Squadra vincente non si cambia, così a fare da giudici sono la drag queen Priscilla, Chiara Francini e Tommaso Zorzi – alla guida anche del talk "After the Race" (disponibile solo su Discovery+, 24 ore dopo ogni puntata) per rivivere con l’ultima concorrente eliminata i momenti più belli e i più critici del suo percorso.

Alla vigilia della seconda edizione, che avrà come ospite della prima puntata Patty Pravo, Tommaso Zorzi ci ha raccontato un po’ di novità del programma, a cominciare dal suo approccio: «Nella prima stagione sono entrato in punta di piedi, in questa seconda ho maggiore consapevolezza del mio ruolo e quindi penso di aver avuto anche io una piccola evoluzione come giudice».

Cosa puoi anticiparci della seconda stagione di "Drag Race Italia"?
«Di sicuro c’è un’evoluzione rispetto alla prima edizione, del resto nelle prime stagioni si prendono le misure con il format e si impara dalle cose che a posteriori sono piaciute meno. Prima di tutto "Drag Race Italia 2" è un’edizione più lunga, perché ha due puntate in più e due concorrenti in più. In questo modo abbiamo potuto inserire una serie di prove che sono dei must nell’edizione internazionale e che nella prima mancavano per questioni di tempo. Per esempio una che si chiama Roast, forse la mia preferita».
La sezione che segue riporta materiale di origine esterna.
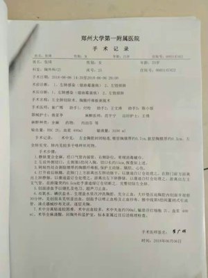 图为张琦2018年6月6日在郑州大学第一附属医院动手术的医疗记录,医生是胸外科主任崔广晖。(杜廷香和张琦提供)

Secondo te cosa piace di "Drag Race Italia" al pubblico italiano?
«Sicuramente il fatto di vedere le drag queen in una salsa inedita, non più una versione macchiettistica a cui purtroppo siamo abituati, ma protagoniste di uno show che celebra il loro mondo, la loro arte e i loro talenti. È un format che non le ridicolizza, non ride di loro ma con loro e fa scoprire allo spettatore che sono delle vere e proprie artiste».

Hai mai pensato di metterti in gioco come drag queen in prima persona?
«Con questo programma, assolutamente sì, ma non ho ancora trovato un alter ego degno di essere sviluppato. Penso che potrei essere bravo, ma non ho ancora approfondito».

Qual è il tuo sogno nel cassetto come conduttore?
«Sono molto scaramantico, perciò preferisco non dire nulla sui sogni nel cassetto, ne ho tanti da realizzare!».

Puoi svelarci cosa c’è nei tuoi piani, dopo "Drag Race Italia" 2?
«Non posso anticipare niente, ma qualcosa bolle in pentola».

Chi sono le 10 drag queen della seconda edizione di "Drag Race Italia"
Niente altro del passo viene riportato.